Algérie – La bienveillance au chevet de l’ignorance

par Malika Boussouf

Je veux bien croire que des personnes atteintes puissent désespérer, à un moment de leur vie, et se laisser gagner par l’enthousiasme ambiant conjugué à l’exaltation d’un guérisseur schizophrène. Une préparation douteuse, appelée «complément alimentaire» et proposée comme un substitut prometteur à la pharmacologie universelle, renseigne de façon ahurissante sur l’aliénation mentale de son concepteur. Je n’arrive pas à réaliser que de hauts responsables se fassent rouler dans la farine par des escrocs qui saignent les gens tout en attentant à leur vie.

D’odieux affairistes auxquels il s’en trouvera toujours pour leur offrir le parrainage idoine. Celui, par exemple, d’un haut fonctionnaire que l’on aura chargé de veiller sur la santé du pays. Il y avait comme ça, dans les années 80, à Blida, un charlatan que j’avais interviewé pour les besoins d’un reportage sur ces malades du diabète qui s’agglutinaient devant chez lui, aux aurores, et qu’il houspillait pour leur empressement à vouloir se faire bénir par lui avant de lui acheter sa potion.

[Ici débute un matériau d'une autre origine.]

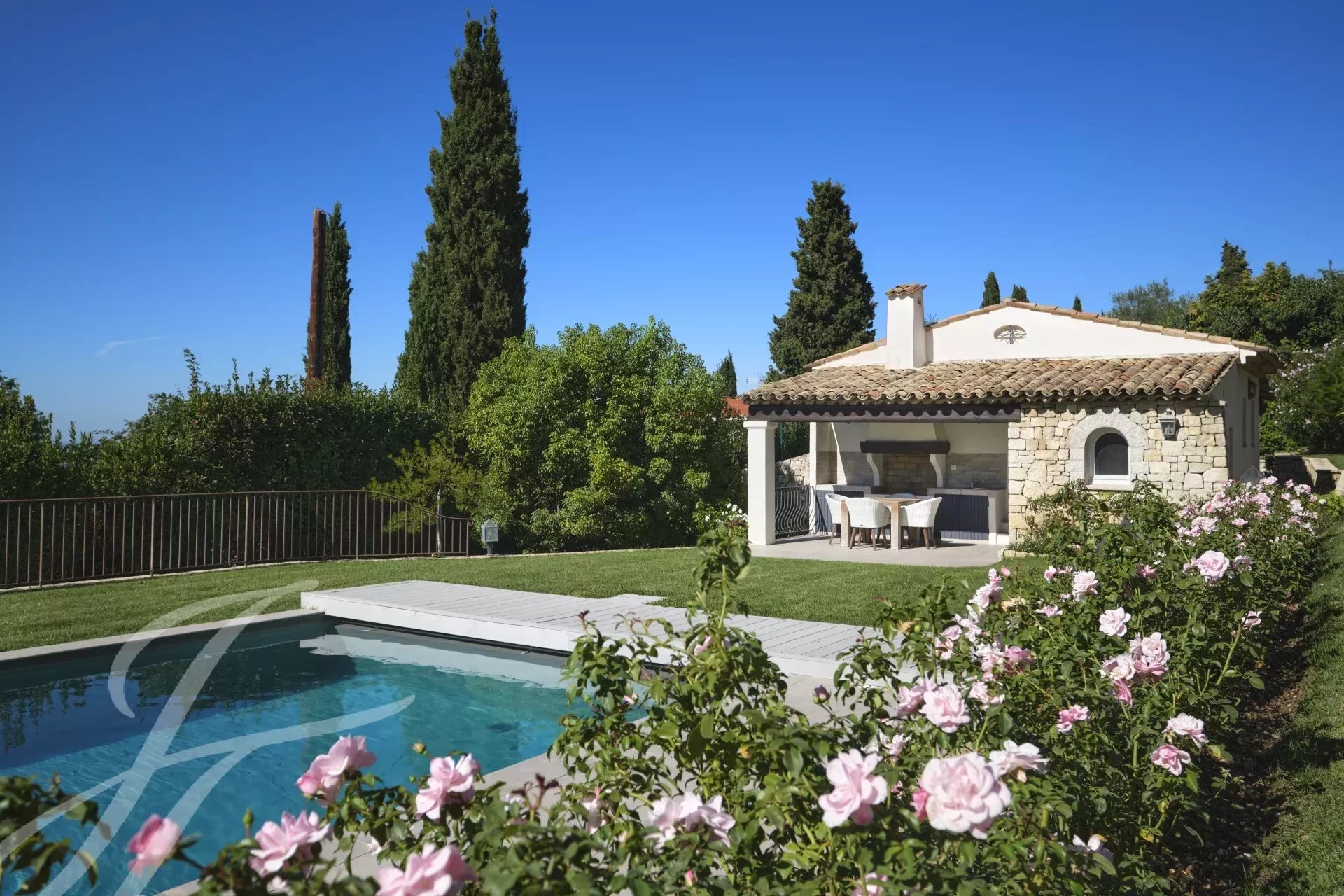 Dieses Anwesen, das außerdem über zwei Garagen und zahlreiche Parkplätze verfügt, liegt nur 20 Minuten vom Flughafen Nizza entfernt und in der Nähe aller Annehmlichkeiten sowie renommierter Golfplätze!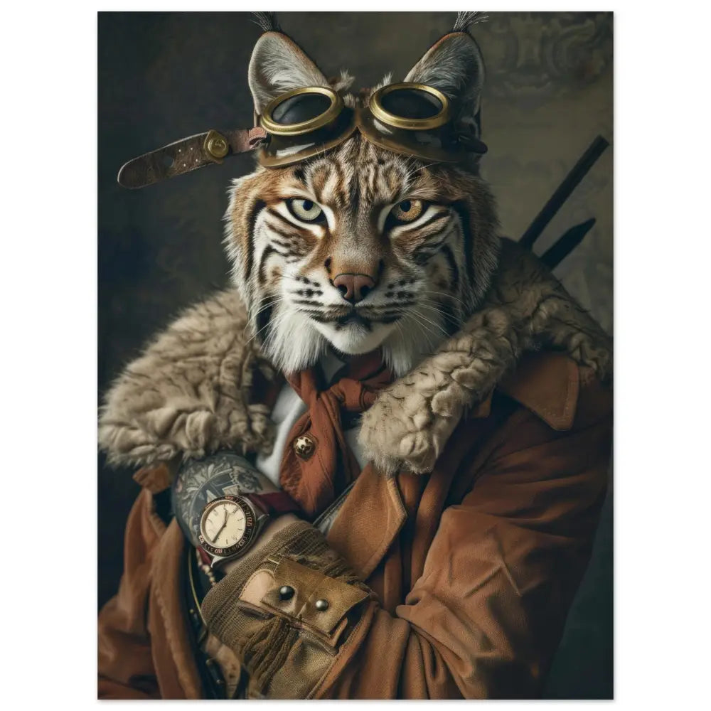 Deze afbeelding toont een dier, gekleed in een prachtige steampunk outfit. Het draagt een imposante, bruinleren jas zonder al te veel patronen, maar verrijkt met robuuste, metalen accenten. Om de nek hangt een antieke, zilveren klok met een dergelijk elegante uitstraling om de avontuurlijke tijdreiziger te benadrukken. De kop wordt geaccentueerd door een stel grote, vintage bril met messing metalen details, wat bijdraagt aan zijn intrigerende look. De voorpoten zijn versierd met stijlvolle, beige bontachtige manchetjes en leren accenten. De achtergrond is verrijkt met subtiele patronen die de mystieke sfeer van deze steampunk-wereld mooi weergeven.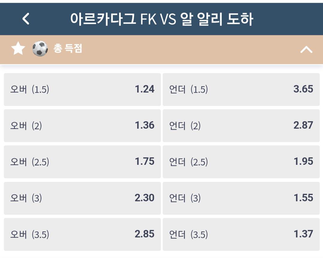 어느나라 팀인지도 모를 두팀의 대결..2.5옵 배당이
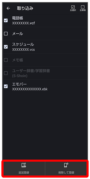 取り込む項目をタップ取り込むファイルをタップ/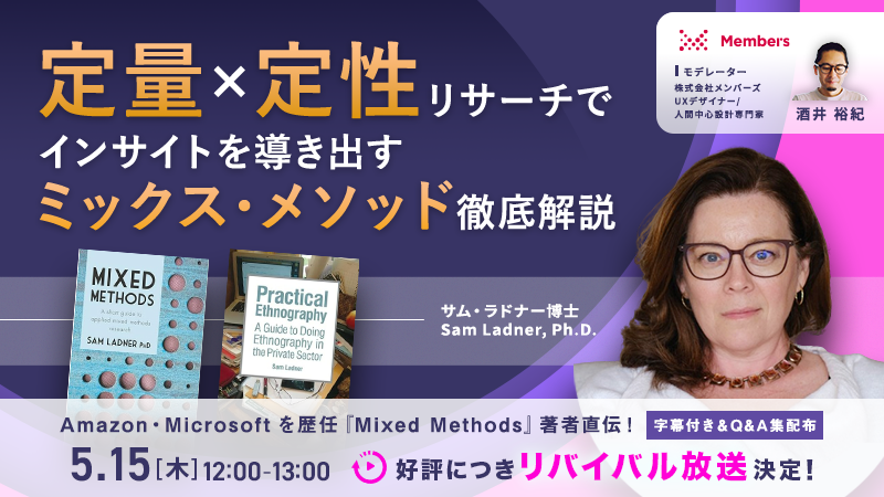 2023/12/26 会社 年末年始休業のお知らせ2022/7/1 イベント 【7月7日(木)無料ウェビナー】Amazon UXヘッドが解説。チーム連携とプロダクト成功を実現する North Star ビジョン 組織内すべての人が目指すべき統一的な「North Starビジョン」を策定する2022/6/8 イベント 【6月21日(火)無料ウェビナー】HCD-Net(人間中心設計推進機構)理事長 篠原稔和氏 出版記念。組織を成功に導くメソッド「人間中心のデザインマネジメント」入門 UX戦略、デザイン経営、デザインマネジメントの現在(いま)を学ぶお知らせ一覧FAQ

Le but était de le confondre et de dissuader les diabétiques, tentés par lui, de fréquenter la sinistre «officine» qui avait, néanmoins, pignon sur rue et dont la forte sollicitation enrayait les doutes autour de la mixture. Une préparation que son inventeur affirmait à base de plantes, sans s’attarder sur sa composition, mais dont ledit charlatan certifiait qu’elle était, de loin, plus efficace que les comprimés ou l’insuline prescrits par des médecins rompus aux traitements des déficiences pancréatiques. Deux maîtres-assistants au niveau du service de diabétologie du CHU de Bab-El-Oued m’avaient inspiré le reportage en me racontant l’histoire sordide d’une jeune femme qu’ils venaient d’admettre dans leur service. Elle était dans un état comateux pour avoir renoncé à prendre ses comprimés, comme le lui avait recommandé le démon enturbanné.

J’ai demandé à enregistrer l’entretien. Le prétendu guérisseur ne s’est pas fait prier, flatté par l’intérêt qu’on lui portait et la publicité dont il allait bénéficier. En plus de son emprise sur sa clientèle, il voulait la notoriété.